Despite downed trees, snarled air traffic and widespread power outages, there were no immediate reports of any deaths or widespread flooding.

But

National Hurricane Center

Director Max Mayfield said fast-moving Isabel still posed a threat because of its dimensions -- about the size of Colorado --and its potential to bring six to 10 inches of rain and flooding to an East Coast already sodden from one of the wettest summers in years.

"This is certainly not over for people experiencing Hurricane Isabel," he said. "This hurricane will not be remembered for how strong it is. It will be remembered for how large it is."

There were isolated areas of damage and distress on the Outer Banks. The storm tore apart two beach houses in Nags Head, picking up the washer, dryer and refrigerator and carrying them about 500 feet down the street.

Wind blew out the windows of a storm shelter near Elizabeth City, injuring five people hit by flying glass. In the community of Harlow, just inland from the coast, rescue teams were dispatched after about 130 people were trapped by floodwaters, possibly in their own homes.

The storm spread rain across North Carolina and Virginia and into Maryland, Delaware and parts of West Virginia and Pennsylvania.

Isabel's top sustained wind eased to nearly 90 mph after it hit land, and it was expected to continue weakening. Hurricane-force wind -- at least 74 mph -- extended up to 100 miles out from the center.

At 5 p.m. EDT, the center of Isabel's "very large eye" was over North Carolina's Pamlico Sound, between the mainland and the Outer Banks. It was moving northwest at around 24 mph.

It was expected to move north across Virginia and cut through western Pennsylvania and western New York state before dissipating in Canada by Saturday.

Rhonda Davis, whose parents had to be airlifted from their home in 1999 when Hurricane Floyd killed 56 people, said she was not convinced Isabel would leave eastern North Carolina unscathed.

"When something like this happens, I don't care what it is, you prepare for the worst," she said. "I don't think it's going to be bigger than Floyd, but I think it's going to be larger than what people think."

Up to a foot of rain was possible in West Virginia's hilly Eastern Panhandle, and six to nine inches was forecast for parts of Pennsylvania.

President Bush granted North Carolina Gov. Mike Easley's request for a federal disaster declaration, ordering federal aid to the state.

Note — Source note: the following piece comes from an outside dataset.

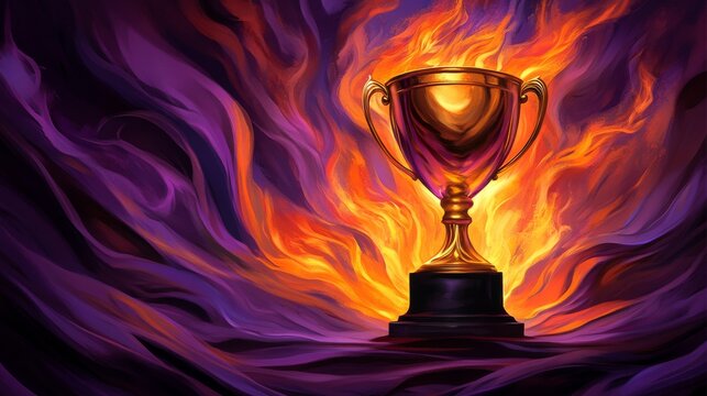The Golden Trophy's Fiery Ascent, Digital Painting, Purple and Orange, Achievement, Trophy, Fire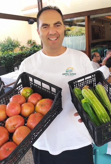 A pranzo e cena l’instancabile Mimmo, sempre col sorriso, guida i suoi ospiti nella scelta del menu e del vino negli spazi de “Lo Stuzzichino” (e nell’attigua sala degustazione riservata a piccoli e prestigiosi eventi) ma di mattina presto è l’Orto Ghezzi il suo regno. Pomodori, pomodorini rossi e gialli, zucchine, fiori di zucca e melanzane le verdure di questa stagione che poco dopo diventano protagoniste dei suoi piatti.

In anticipation of flooding and wind damage, Pennsylvania Gov. Ed Rendell issued a statewide "disaster emergency" declaration. The governors of West Virginia, Maryland, Virginia and Delaware had earlier declared emergencies, and the governor of New Jersey planned a declaration Thursday.

Well over 1,500 flights were canceled at airports in the major eastern cities, said David Stempler, president of the Air Travelers Association. As the storm moved northward, all flights to and from the Washington metropolitan area's airports were likely to be canceled, he said.

The federal government shut down in Washington. Amtrak halted service south of Washington, and the Washington-area Metro system shut down all subway and bus service.

Miss America pageant organizers went ahead with the plans for their annual parade Friday night in Atlantic City, N.J., hoping the boardwalk would escape damage.

For many, the hurricane's passing was merely a sightseeing event.

"For me, this is just like another little rainstorm, but you take what you can get," storm chaser Warren Faidley said as he videotaped the frothy, 15-foot swells on Atlantic Beach, N.C.

He was impressed that in the middle of the hurricane, he was able to get a hot sausage biscuit at a pier right on the beach.

"Hot food during the hurricane," he said, chewing away. "This is the most gentlemanly chase of all times."